— Лео Антонович, вы прошли в медицине колоссальный путь. Почему вы решили стать врачом?
— Мама в 38 лет осталась вдовой, нас было трое, я самый младший. В школе был круглым отличником, но понимания того, куда я пойду учиться, у меня не было. Старшая сестра заканчивала медицинский институт и очень хотела, чтобы я тоже стал врачом, и непременно хирургом. Все родители в Грузии и тогда, и сейчас мечтают, чтобы их дети стали врачами, поэтому тоже решил попробовать. Первый раз не поступил, пошёл работать на строительство чаеразвесочной фабрики. На следующий год поехал в Москву и поступил в 1-й Московский медицинский институт имени Сеченова, с которым в итоге оказалась связана вся моя жизнь.
— А почему вы выбрали кардиохирургию?
— На четвёртом курсе как-то встретились с однокурсником Борей Гельфандом, будущим академиком. Он был старостой кружка на кафедре оперативной хирургии и топографической анатомии и решил перейти в другой научный кружок. Его согласились отпустить, если он приведёт замену. И вот он встречает меня и говорит: «А что ты не занимаешься научной работой? Вот мы делаем эксперименты на собаках: останавливаем сердце, делаем пробные операции, а потом снова сердце заводим». Тогда все эксперименты делались на собаках. Меня, конечно, это безумно заинтересовало, и в итоге я заменил Борю в кружке. Это была кафедра оперативной хирургии и топографической анатомии, которой руководил ректор института академик Владимир Васильевич Кованов.

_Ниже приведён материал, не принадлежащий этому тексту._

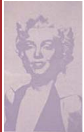
Marilyn Monroe Type A (24"x 36")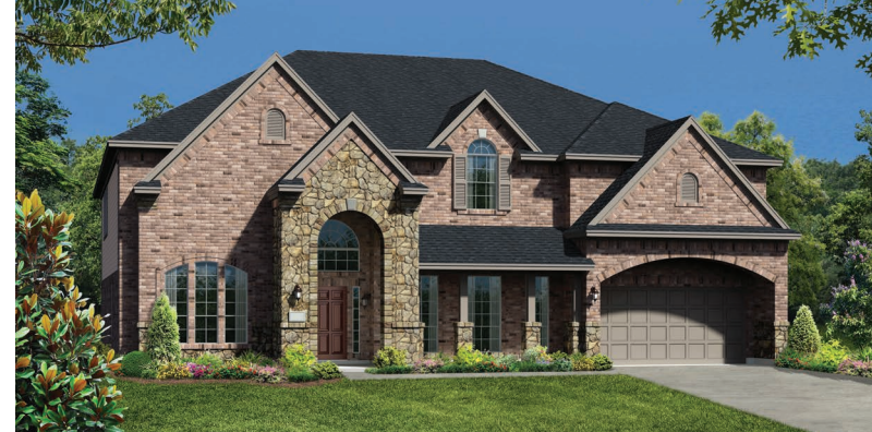
ELEVATION B - SHOWN W/ OPT. STONE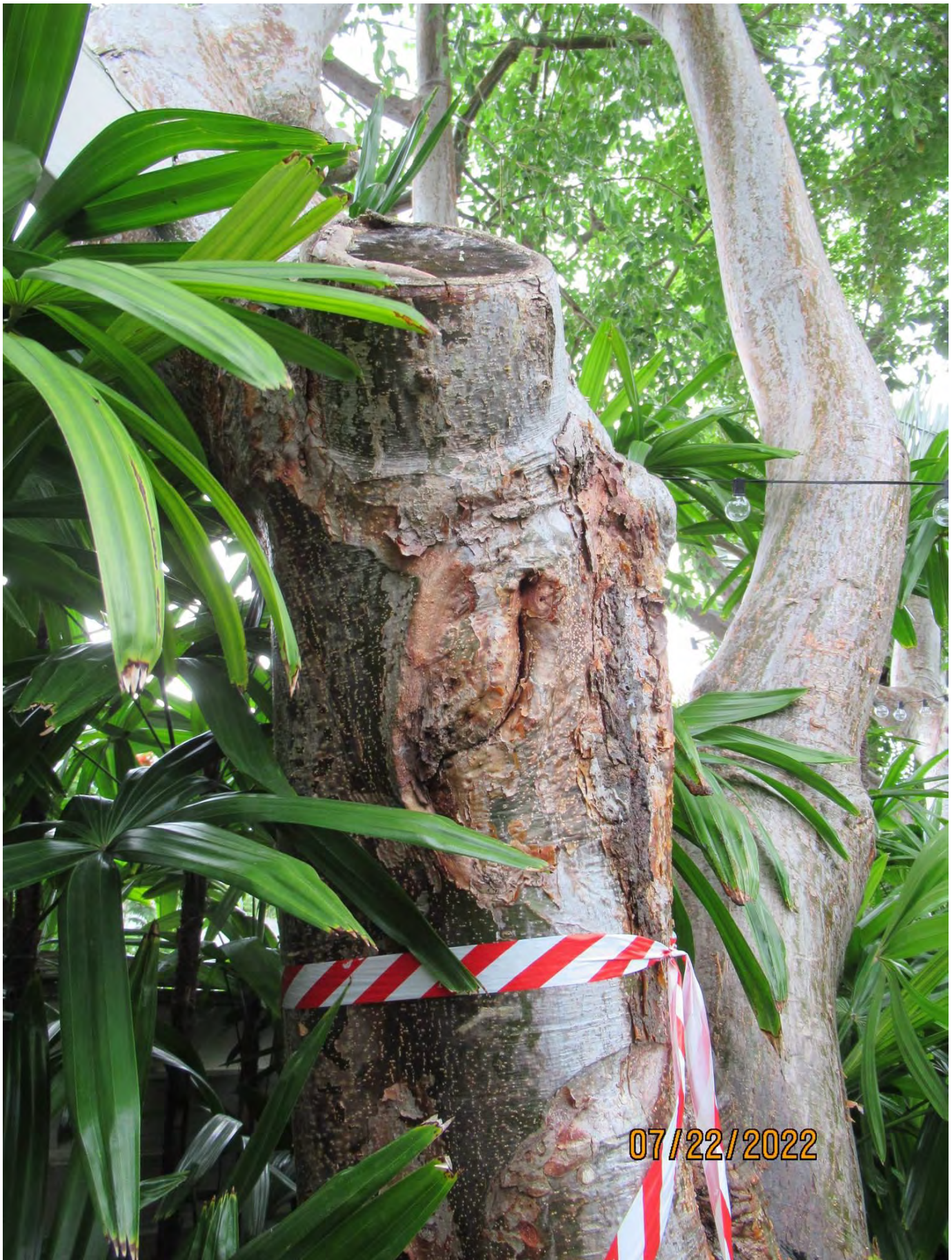
Photo of old injury/damaged area, view 1.

— Это и стало для вас судьбоносным моментом?
— Да, сразу после окончания института меня распределили в аспирантуру, где я продолжал своё исследование по новому методу защиты организма при остановке кровообращения — гипербарической оксигенации. На защите диссертации одним из оппонентов был Владимир Иванович Бураковский, который за год до этого стал директором Института сердечно-сосудистой хирургии им. А.Н. Бакулева. Он совместно с ещё одним учеником Владимира Васильевича Кованова Борисом Алексеевичем Константиновым как раз открыл у себя отделение для детей до трёх лет с пороками сердцами, аналогов которому в то время ещё нигде не было. Смертность от пороков сердца в этом возрасте была очень высокая.

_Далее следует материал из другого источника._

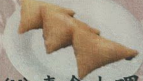
(M) 素食咖喱角 Vegetarian Curry Puff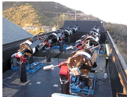
Eight 16" telescopes monitor a few thousand stars cooler than the Sun, searching for transiting planets as part of the M Earth project. Similar ground-based configurations may soon be able to detect Earth-sized planets.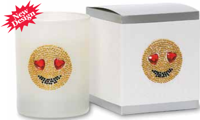
Smiling Face with Heart Shaped Eyes / CIEHEYES Sparkling fresh citrus and sweet simple syrup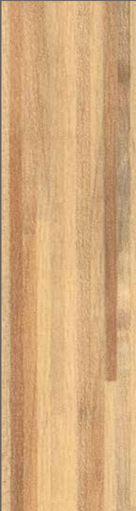
Washed Bamboo | WSA2020 WR463 / A1M392 / LRV 42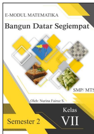
Figure 1. Front Cover of Mathematics E-Module

In this stage, the preparation of an open-ended-based mathematics e-module on the quadrilateral material for grade 7 Junior High School. The cover is made with the Corel Draw application so that it looks more attractive by paying attention to colors, images, fonts, and layouts so that the appearance obtains according to the desired design. The modules are arranged using Microsoft Office Word so that the modules are more systematic. E-module creation using the Kvisoft FlipBook Maker Pro application, as shown in Figure 1.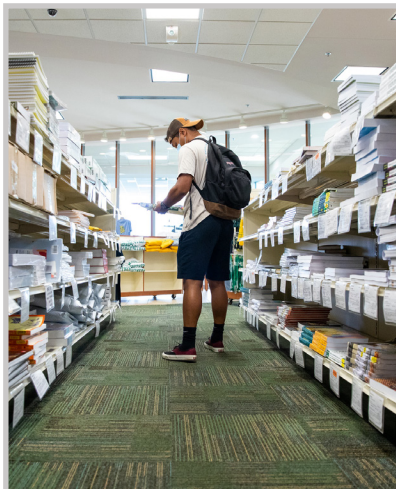
First Day of the Semester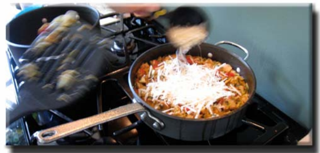
Lemony Artichoke Seitan Pasta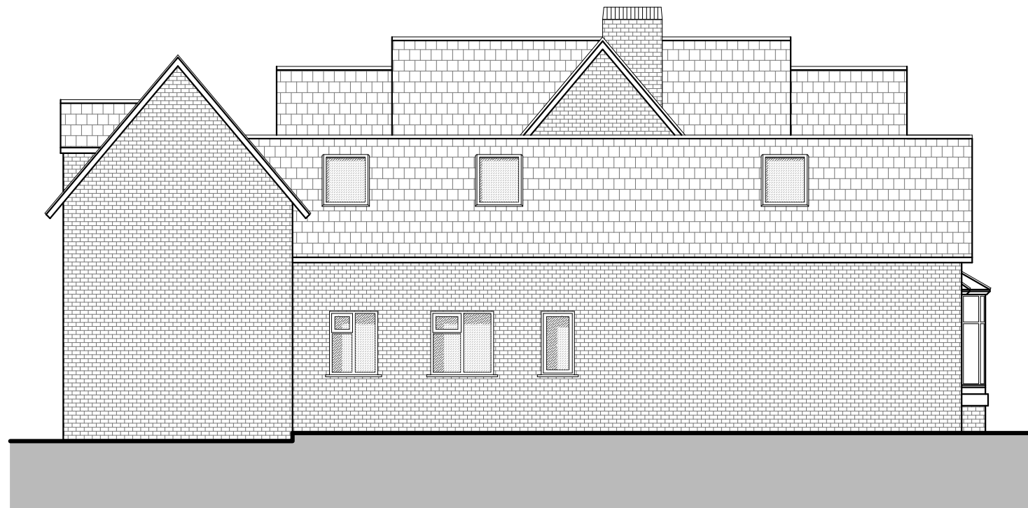
Side Elevation As Existing - Scale 1:100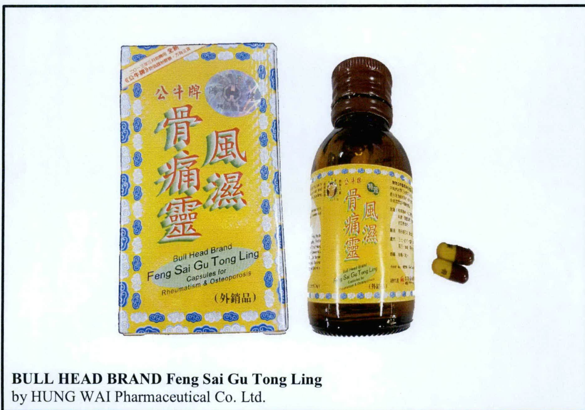
BULL HEAD BRAND Feng Sai Gu Tong Ling by HUNG WAI Pharmaceutical Co. Ltd.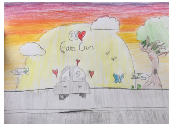
"Care Cars"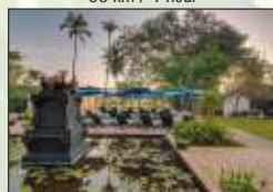
Novotel Resort & Spa 1 km / 4 mins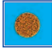
A164 DIN filter 2.05mm H 8.95mm W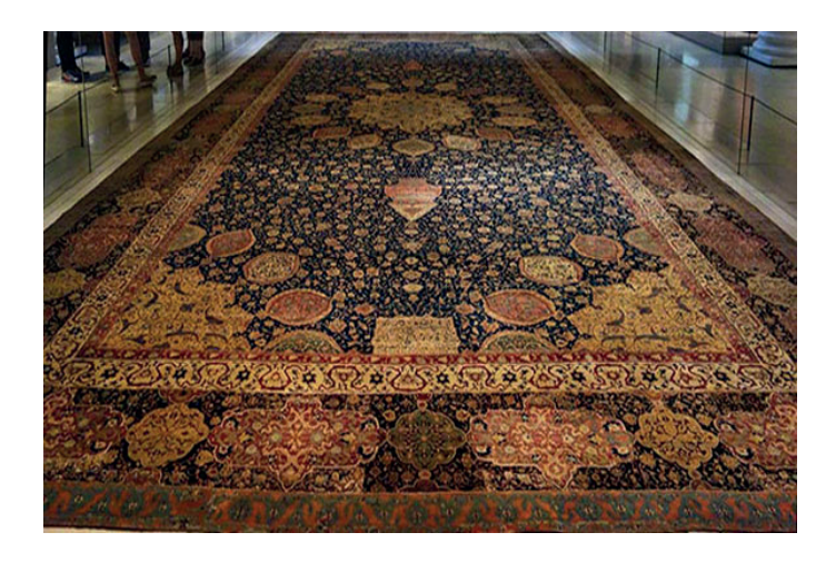
Figure 1- Ardabil Carpet in Jamel Gallery

In the design of the main carpet pattern, there is a sea of delicate shank and leaf motions using Shah Abbasi colors. In the carpet pattern, some mental and spiritual states are felt, including in the navy blue color of its text, that would make the shrine have a sacred state. The presence of two petals on the carpet demonstrates its sacredness and validity, and the carpet medallion containing 5 oval pendants is considered as a sign of the sun. On the margin of the carpet there is a series of frames that also still exist in the tile-work of the monument's ceiling. The use of Turkish knots and wool of Azerbaijan in weaving the carpet and also the necessity of its supervision by the then king who ruled in Tabriz make the possibility of weaving the carpet in this city get close to certainty. The couplet "Save Thy threshold, my shelter in the world is none. Save this door, my fortress-place is none." and the phrase "Work of your servant Maghsud Kashani 946 AH (1540 AD)", which is woven on the carpet, indicate that the weaver is Maghsud Kashani. This carpet is a special milestone in the history of Iranian carpet weaving industry, as it has been woven for the complex and a kind of innovation has been used in its design. The carpet's pattern is absolutely innovative due to the lack of use of geometric shapes that were common in most carpet of Iran at the time. As the years go by, every carpet woven into this motif is still called Sheikh Safi pattern (Jackson, 2016).

Бураковский понял, что метод, который я предлагал, может стать спасением для детей с врождёнными пороками синего типа, у которых губки фиолетовые, пальчики с синюхой. Если их оперировать в барооперационной (специальная операционная с повышенным давлением кислорода. — RT), под повышенным давлением, кислород у них нормализуется, и они смогут перенести операцию. А после вмешательства у них уже всё, как у нормальных детей. Прочитав диссертацию, он мне позвонил сам и предложил сразу после аспирантуры перейти на работу в его институт. Для меня это была большая радость, ведь мы все хотели после теоретической кафедры работать хирургами в практической медицине.
— Как прошёл этот переход у вас?
— В 1968 году, после успешной защиты кандидатской диссертации, я стал сотрудником института. Но оперировать мне тогда давали очень мало. И я собирался уходить из института, о чём неоднократно говорил директору. И тогда Бураковский сказал: «Найди ещё какую-то новую тему, я тебе открою отделение — и оперируй сколько хочешь». Так я снова засел в медицинской библиотеке и нашёл тему: жизнеугрожающие тахиаритмии.

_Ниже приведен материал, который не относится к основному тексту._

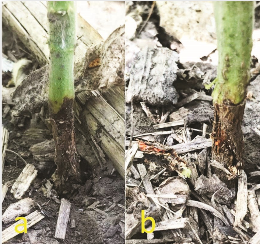
Figure 3. Soybean plant with (a) dark discoloration at the base of the stem and (b) the presence of orange gall midge after removing outer plant tissue.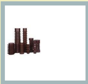
Transformer Support Insulator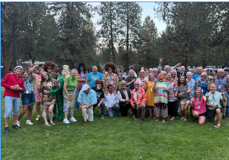
Above: Rally Attendees. Right: More hair and Good vibes!

We're already thinking about the next Joint OR/WA Rally in 2026 – this time in Washington! Until then, keep the good vibes rolling!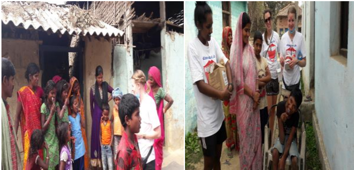
Awareness Program on street

The above dental check-up and awareness camp is one of the many free social events organized by the SEIT Nepal throughout the year.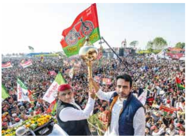
Samajwadi Party chief Akhilesh Yadav with RLD leader Jayant Chowdhary during a SP-RLD rally in Meerut on Tuesday

Addressing the gathering, Akhilesh said if the alliance comes to power after next year elections, the first work will be to build a memorial for "martyrs" of the farmers' protest. He attacked the ruling BJP saying the "2022 election will see the eclipse of the BJP from western UP, as the ruling party has practiced the politics of lying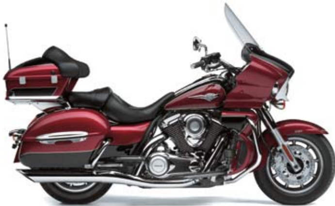
METALLIC DIABLO BLACK / METALLIC IMPERIAL RED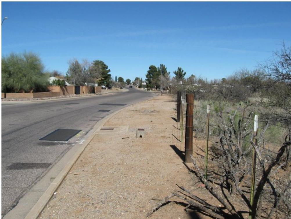
Looking east on E. Blue Bird Drive.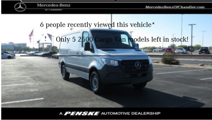
( https://www.mercedesbenzofchandler.com/inventory/new-2019-mercedes-benz-sprinter-2500-cargo-van-rear-wheel-drive-cargo-van-wd3pf0cd3kp024857 )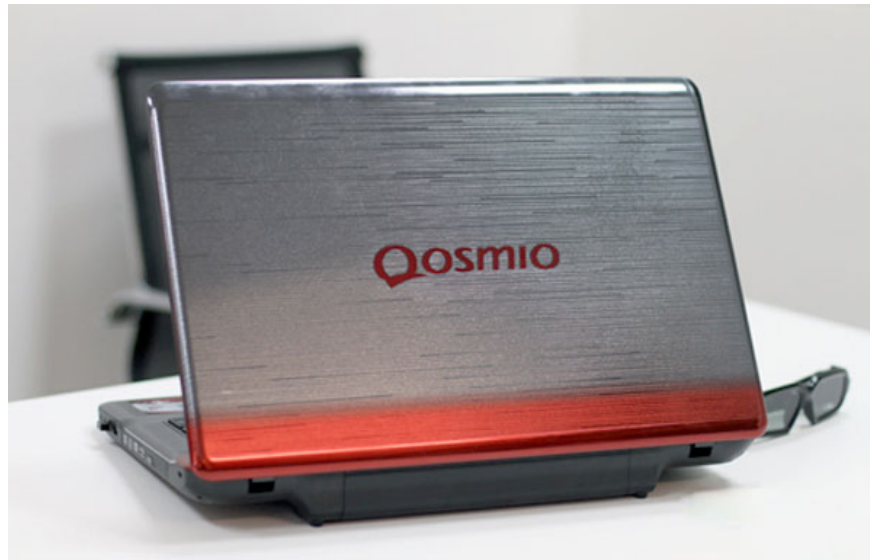
Toshiba Qosmio X770.

Unlike the "brother" F750, X770 is equipped with a larger 3D screen but must use glasses to view images and play multi-dimensional games. This model also possesses many advanced features such as Harman / Kardon speaker system, technology that converts images from normal resolution to high definition HD resolution.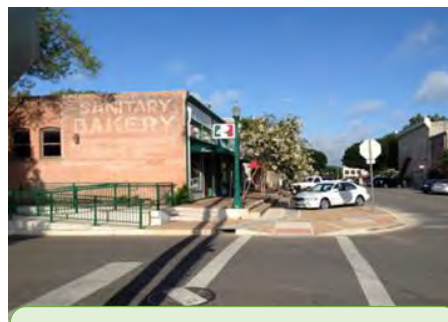
Type C intersections include a striped crosswalk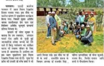
आज का दिन हमारे लिए एक विशेष दिन है, जहाँ हमने अपने समाज के लिए एक अच्छा काम किया है।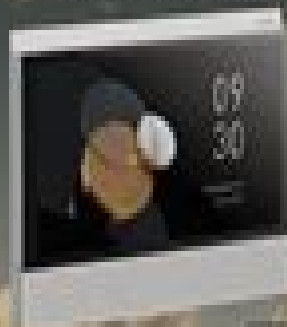
Panel Hub S1 Plus US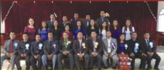
Sialsuk Branch Diamond Jubilee

Postal Regn. no. MZR/81/2015-2017 RNI No. MIZMIZ/2009/29074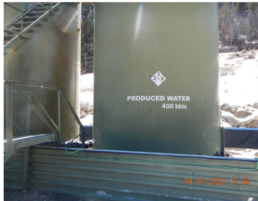
NFPA label colors are faded on tanks.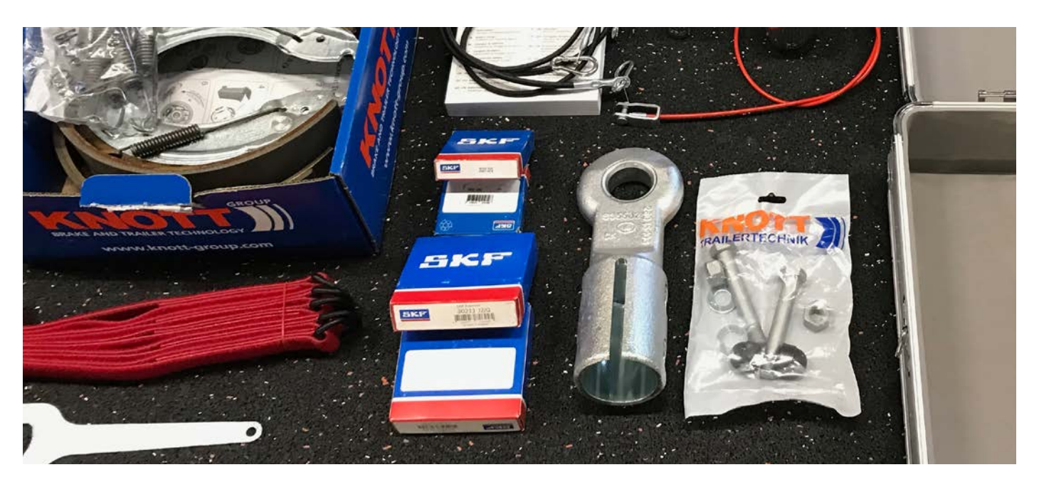
Spare parts set for emergencies with the most important components and wear parts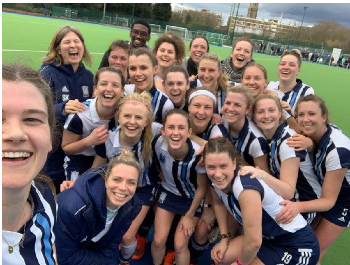
Women's 1 st XI

Sadly, Bowdon were relegated having been in the Division since its inception.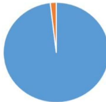
Who Keeps NEST Running?

NEST had 4 paid staff members to drive the mobile class-rooms and provide consistent relationships for the children NEST serves, but the MAJORITY of activities for NEST is lead by volunteers!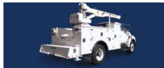
Crane & Heavy-Duty Body & STAHL® Crane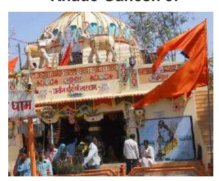
Karneshwar Mahadev Temple

Это когда по разным причинам сердце начинает сокращаться с частотой 150—250 ударов в минуту. В то время всего в двух клиниках в мире с хорошим эффектом оперировали больных с таким недугом: так называемые наджелудочковые тахикардии практиковали в медицинском центре Дюкского университета в США, а желудочковые тахикардии — в клинике Питье-Сальпетриер в Париже. Владимир Иванович Бураковский оценил перспективность проблемы. Дело в том, что тахикардии, помимо высокой самостоятельной значимости, часто осложняют течение пороков сердца. Чтобы заняться совершенно новой проблемой, надо было оценить ситуацию на месте. Бураковский поехал к министру здравоохранения, великому хирургу Борису Васильевичу Петровскому с просьбой отправить меня в командировку в США. В ноябре 1979 года я побывал в Дюкском центре в Дареме (штат Северная Каролина. — RT), а в июне 1980 года — в клинике Питье-Сальпетриер в Париже. Обе командировки проходили в рамках межгосударственных соглашений по медицине, эффективно действовавших до 1989 года. Как всегда бывает в начале пути, такие операции там в основном делались ещё в эксперименте на собаках. В клинике было проведено буквально несколько операций людям.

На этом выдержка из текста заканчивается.